Using the S3 Put Object component in Matillion ETL for Snowflake
Matillion uses the Extract-Load-Transform (ELT) approach to delivering quick results for a wide range of data processing purposes: everything from customer behaviour analytics, financial analysis, and even reducing the cost of synthesising DNA.
The S3 Put Object component in Matillion ETL for Snowflake presents an easy-to-use graphical interface, enabling you to connect to a remote host and copy files to an S3 Bucket. You can use this component to to copy files from a number of common network protocols to a specific Amazon S3 Bucket. For example, many customers are transferring external files to S3 before loading the data into their Snowflake databases.
The connector is completely self-contained: no additional software installation is required. It’s within the scope of an ordinary Matillion license, so there is no additional cost for using the features.
Watch our tutorial video for a demonstration on how to set up and use the S3 Put component in Matillion ETL for Snowflake.
Input Data Type
Currently Matillion will connect to the below list of protocols. This article will look at connecting to an sFTP site as an example. However the functionality of all the protocols are similar.
Input Data URL
This is the location of the file you want to copy, including the file name. The component will support any file types and will even unzip files if required. However it will only copy one file from the source to the S3 Bucket. You can declare the username and password for the sFTP site in the URL or this can be specified further down.

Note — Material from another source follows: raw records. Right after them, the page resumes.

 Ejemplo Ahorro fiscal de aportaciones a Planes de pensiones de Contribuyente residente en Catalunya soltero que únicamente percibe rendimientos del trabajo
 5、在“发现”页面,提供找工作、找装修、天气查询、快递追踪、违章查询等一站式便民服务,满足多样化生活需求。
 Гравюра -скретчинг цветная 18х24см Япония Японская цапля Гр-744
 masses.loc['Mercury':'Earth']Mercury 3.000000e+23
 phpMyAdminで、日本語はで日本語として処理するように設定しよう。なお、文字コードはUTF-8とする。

The S3 Put Object can unzip files as required using the Unpack ZIP file property. Since Snowflake doesn’t support loading zipped files, you can use functionality within Matillion ETL for Snowflake to unzip a file before loading the file from S3 into Snowflake using an S3 Load component. Even if the source file is in S3 you can use this feature by selecting the Input Data Type as S3.
Output Object Name
This is the name of the file you will be creating in the S3 Bucket specified in the S3 Path. The output object name doesn’t need to be the same name as the source file. A new file will be created with this name. Please note that if you give a file a name already exists in the target S3 Bucket, you will overwrite the existing file.

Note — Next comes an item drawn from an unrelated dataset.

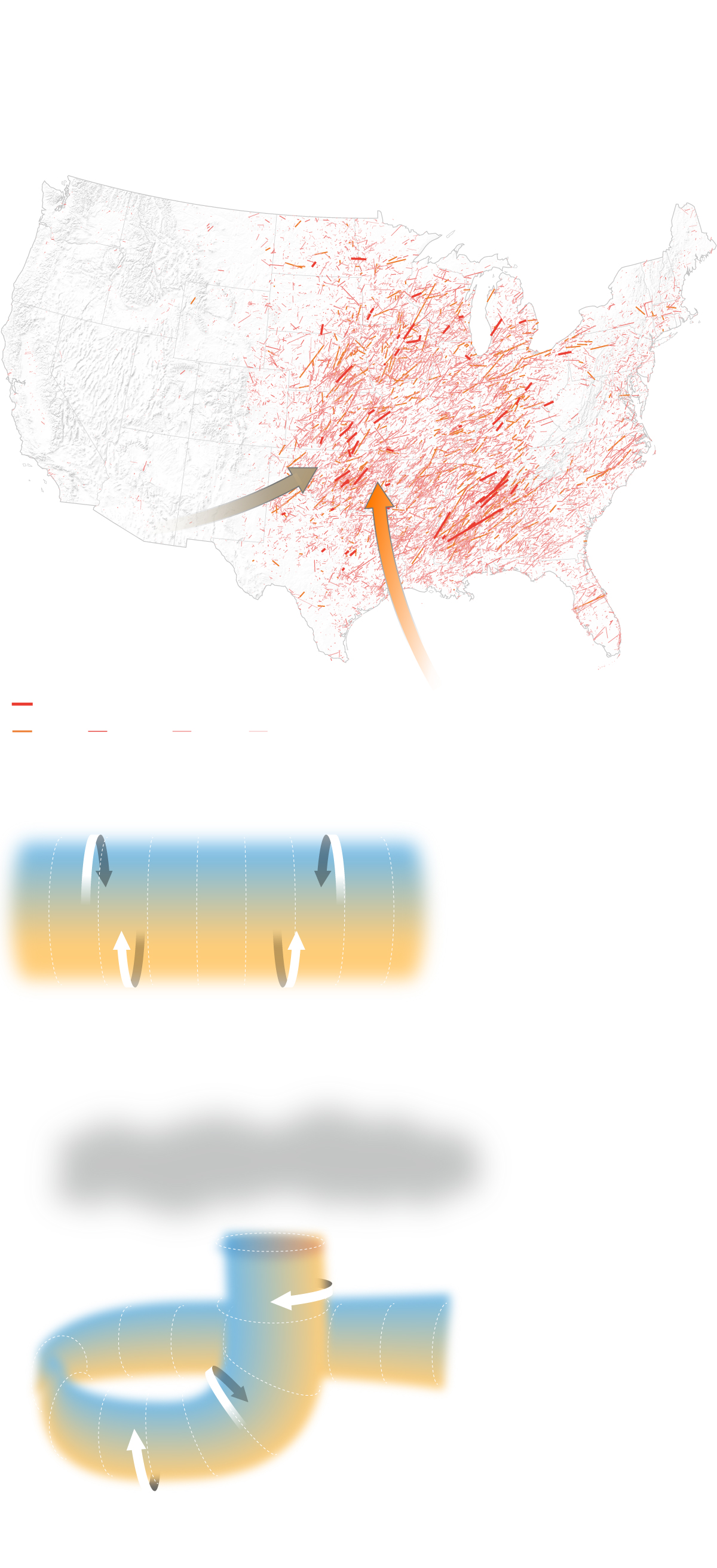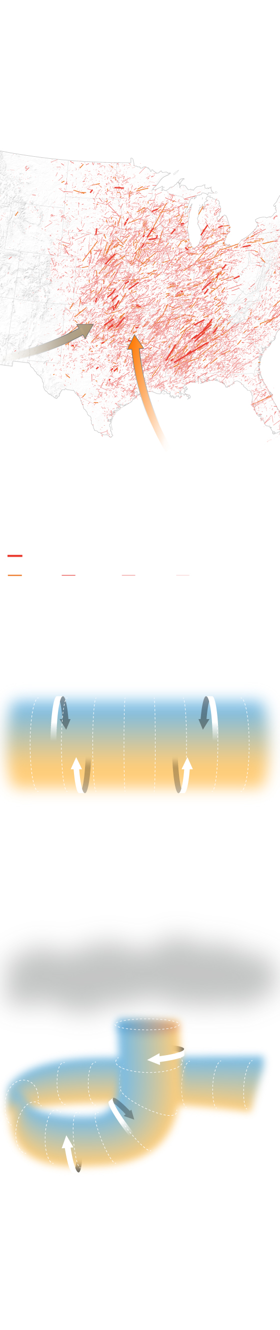 Pero no todos son tan virulentos como la cadena que acaba de asolar el centro del país, una zona conocida como “el corredor de tornados”, porque concentra el 90% de este tipo de fenómenos, según los datos del Laboratorio Nacional de Tormentas Severas de Estados Unidos (NSSL, por sus siglas en inglés). El motivo responde a su ubicación geográfica: un lugar en el que convergen los vientos calientes y secos del oeste con los calientes y húmedos que llegan desde el golfo de México.

The S3 Put component supports authentication to the sFTP site either by username and password or by key exchange. If using an SFTP key, the key can be copied directly in the SFTP Key property in Matillion.
This is the destination bucket for the copied file. The selecter allows you to choose from an S3 Bucket in your AWS account. A public S3 Bucket can be specified but you will need to have write access to it.
We recommend you GZip any large files to improve the performance of the component using the GZip S3 Data property.
Copying More Files
As mentioned above, the S3 Put Object will only copy one file at a time, however, this component can be used in conjunction with a File Iterator to loop through all files which exist on the sFTP site and the S3 Put Object can be used to copy these files to the target S3 Bucket. This is configured by setting up the File Iterator to write the filename to a variable and then using the variable values in the S3 Put Object in the Input Data URL and as the Output Object Name. Further details on the File Iterator Component is available here.
We have looked at how to transfer data in a file from an external source to an S3 Bucket using Matilion. Once the file is available in the S3 Bucket you can load the data into Snowflake using the S3 Load Component. You can then use the power of Snowflake to transform and analyse the data.